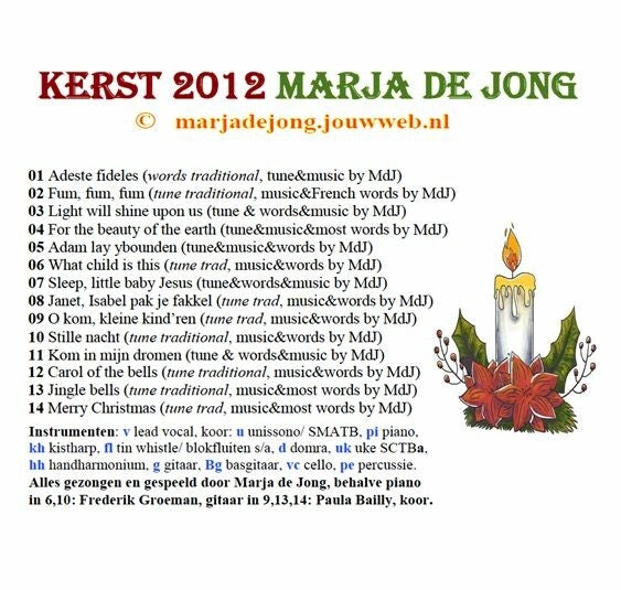 Kerst songs in div. stijlen. Solo, koor, allerlei instrumenten. (14 tr, 55 min.)
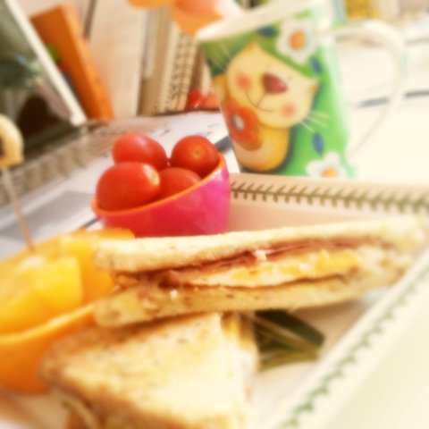 7) 토요일 아침에 제가 차린 아침인데요 ~ 어떤가요? 햄,치즈,계란 토스트 :) 오렌지는 아빠가 잘르는것 처럼 잘라봤어요 ~
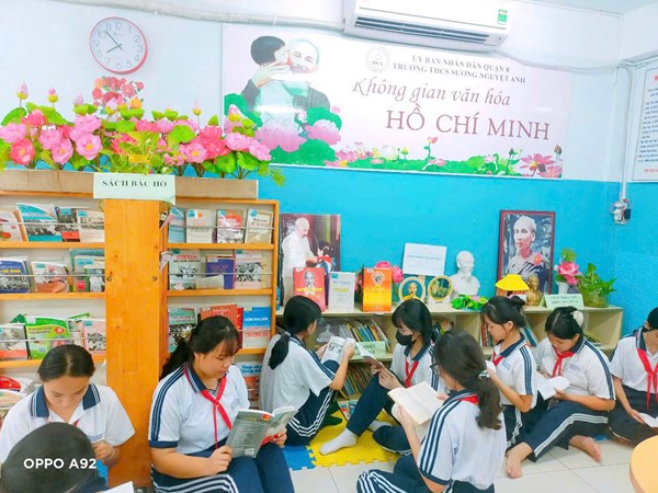 Trường Trung học sơ sở Sương Nguyệt Anh, xây dựng không gian giới thiệu về cuộc đời và sự nghiệp của Bác qua hình ảnh, nổi bật là những bức chân dung ...
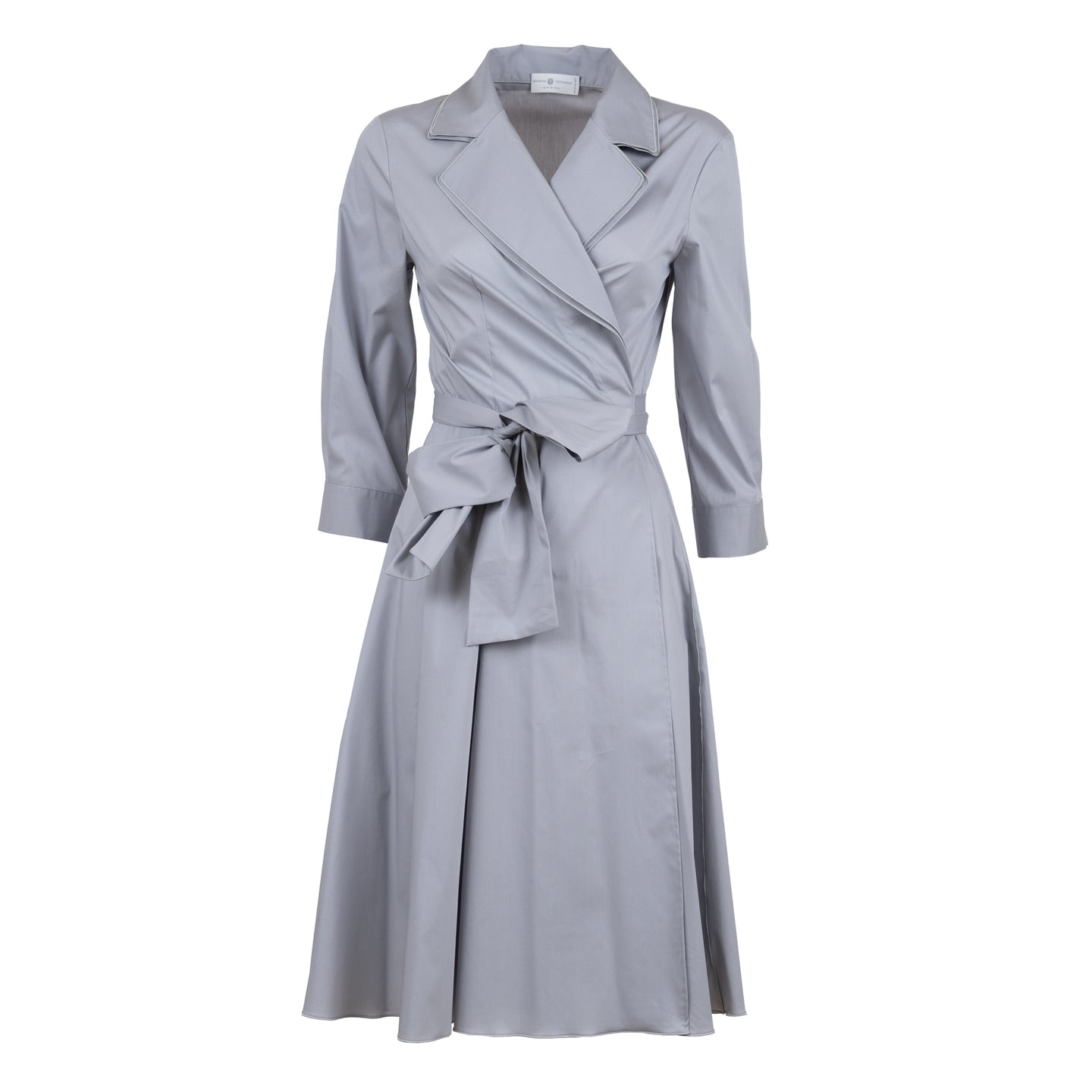 Wrap yourself up comfortably and stylishly in the Women's Roosevelt Dress - a stretch cotton garment handmade in Italy with expert techniques. The collar features double material, leading down to a belted waist and 3/4 length sleeves.
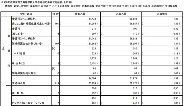 「令和8年度東京都立高等学校入学者選抜応募状況(学力検査入学願書受付)」を発表。
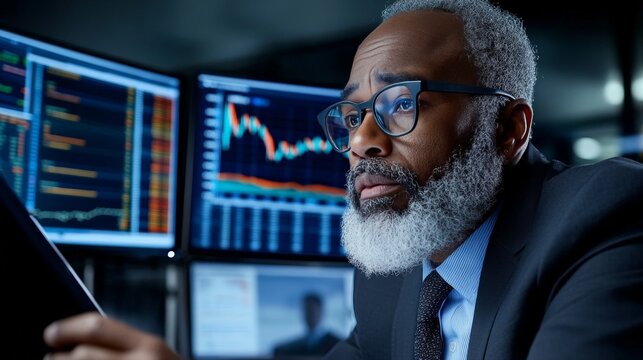 Strategic Visionary: A senior businessman contemplates financial data displayed on a large screen, his thoughtful gaze reflecting years of experience and astute decision-making.

> [What you need to do]
For this exercise, output only the lines from the one bearing "7) 토요일 아침에 제가" to the end of the material above, exactly as written, with pictures left out.

> [Output for this task]
 7) 토요일 아침에 제가 차린 아침인데요 ~ 어떤가요? 햄,치즈,계란 토스트 :) 오렌지는 아빠가 잘르는것 처럼 잘라봤어요 ~
 Trường Trung học sơ sở Sương Nguyệt Anh, xây dựng không gian giới thiệu về cuộc đời và sự nghiệp của Bác qua hình ảnh, nổi bật là những bức chân dung ...
 Wrap yourself up comfortably and stylishly in the Women's Roosevelt Dress - a stretch cotton garment handmade in Italy with expert techniques. The collar features double material, leading down to a belted waist and 3/4 length sleeves.
 「令和8年度東京都立高等学校入学者選抜応募状況(学力検査入学願書受付)」を発表。
 Strategic Visionary: A senior businessman contemplates financial data displayed on a large screen, his thoughtful gaze reflecting years of experience and astute decision-making.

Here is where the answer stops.